Thinks he’s smart, Nobby Weston. Hanging around in the house all day while she’s stuck out on the street, keeping the picket going. Her and baby Fee all day, her and the other girls when school gets out, her and a couple of dozen grown-ups too in the daytime, but the grown-ups change, come for a few hours and then go. Only Lizzie is there all the time, making the signs, leading the chants, making it tough for the scab to walk through if she wants to walk into the street.
Lizzie’s lonely, split from Nobby. He’s been there, always beside her, for ten years now, her best friend. Her only friend. Following her lead, doing what she does, doing what Mick does too but only if Lizzie does it first.
But now it’s just Nobby doing what Mick does, or even doing things first.
Sometimes now, it’s as if she’s at war with Nobby. Lined up against each other, like Saturday mornings with the invading armies. She much preferred it when they were both Crusaders together. Lizzie shivers. I’m cold as silver.
For some reason, there flashes into Lizzie’s mind the bright memory of that helix of a spinning silver serviette ring that disappeared that Saturday morning into thin dark air. That last free silver-Saturday morning, long ago now. That morning was the first time she realized Nobby’s mother’s hatred for her. And now the hatred had led to this. In Lizzie’s memory now the silver spins faster and faster till the spin of the movement turns red as a flame. I’m warm, I’m a flame. No I’m not, I’m cold as silver.
Lizzie gets cold out on the June street, so she skips to keep warm. Skips to get Fee to skip with her, to keep Fee warm.
Fee Fee
Here with me…
Fee, my baby sister, only four. You shouldn’t have favourites, but I do.
Lizzie grabs Fee’s hand with the automatic action of a big sister and skips her up and down,
Fee with me…
It makes the loneliness sometimes warmer, holding Fee.
Lizzie’s out on the street with Fee when Nobby runs past down to Kennets’ to get the tucker.
‘Hey Nobby!’ she yells. She’s not talking to him, but her voice yells out to him.
Nobby runs past. Lizzie with her brigade of kids. They throw old tins over his mother’s fence at night, and Nobby hears them through the night as he and his mother lie in their beds, not sleeping in the silent house.

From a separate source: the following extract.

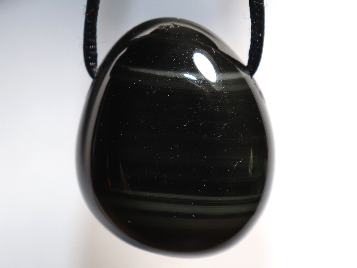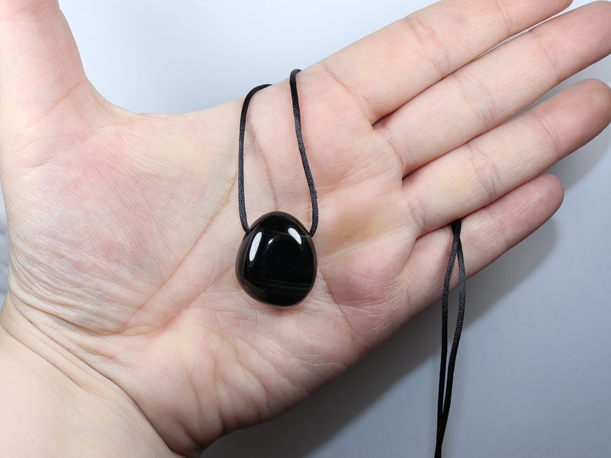 Die Halskette mit Regenbogenobsidian wird nach Ihren Angaben individualisiert. Sie haben die Wahl zwischen einem schwarzen Band mit einem Verschluss aus Edelstahl oder einer Kette aus Silber 925.

Mother, Mother, Lizzie, Girl, don’t split me like a piece of firewood.
Lizzie yells out, but she’s been playing not speaking. Nobby can play that too.
Nobby runs past; Lizzie skips and chants. Secretly Nobby feels that Lizzie’s being a bit childish. Lizzie playing revolutions. Nobby saw one today.

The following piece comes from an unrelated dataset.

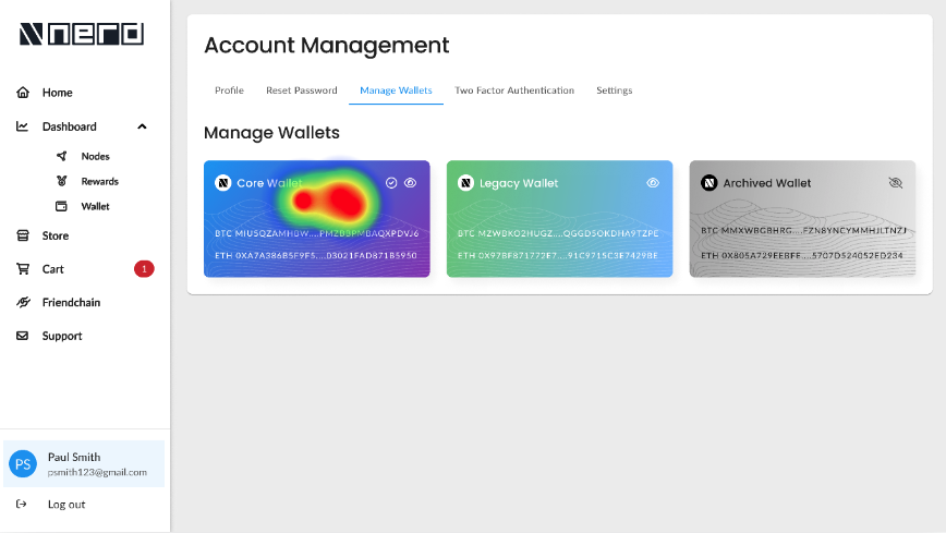 To plan out the site architecture for this application and where the features would fit, I created an application site map (ongoing) to organize the screens in a way that would be logical and intuitive for Winslow. I had explored 2-3 different versions before settling on the current layout, which was chosen based on user onboarding and overall flow considerations. By watching user flow sessions and their heatmaps with Hotjar, I determined that most new users will onboard, set up their wallet and then purchase node(s). Because of this, I chose to design a top-level navigation in our dashboard that would allow a user to access their nodes dashboard, rewards overview, and wallet.

Noel was playing his mouth-organ in the outside dunny. It was a nice private place to be. Lots of people would think he was a creep if they saw him sitting in here with his mouth-organ, with his new music propped up on the toilet-roll holder, with his candle. Mum had given Evie’s mum the bulb from here the night Evie moved in, and since then Noel has used a candle. People would think he was a creep, but they did anyway, and anyway they wouldn’t see him here because it was a private place. A line of poetry from school went through his mind.

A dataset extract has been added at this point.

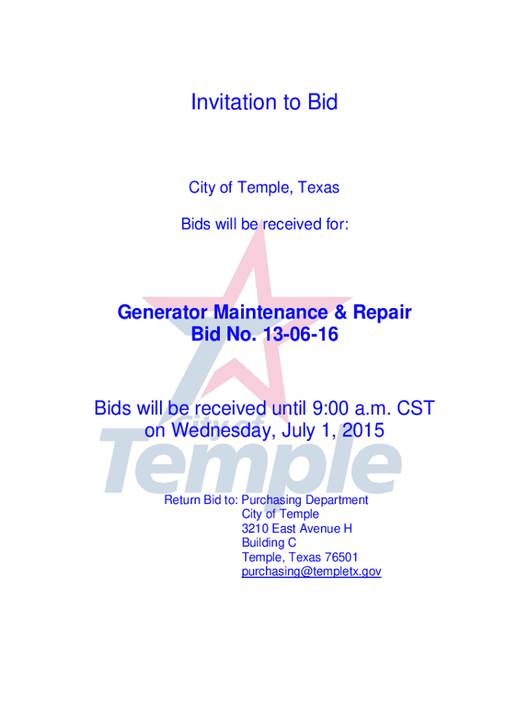 Invitation to BidCity of Temple, Texas Bids will be received for:Generator Maintenance & Repair Bid No. 130616Bids will be received until 9:00 a.m. CST on Wednesday, July 1, 2015Return Bid to: Purchasing

The grave’s a fine and private place,
But none, I think, do there embrace.
Embrace. The word made Noel feel embarrassed somehow, and clumsy. He imagined putting his arms around someone and giving them a hug, and kissing them, but the kiss missing them and Noel feeling stupid. Noel had never tried that, and that was another reason why he never hung around with the guys at school.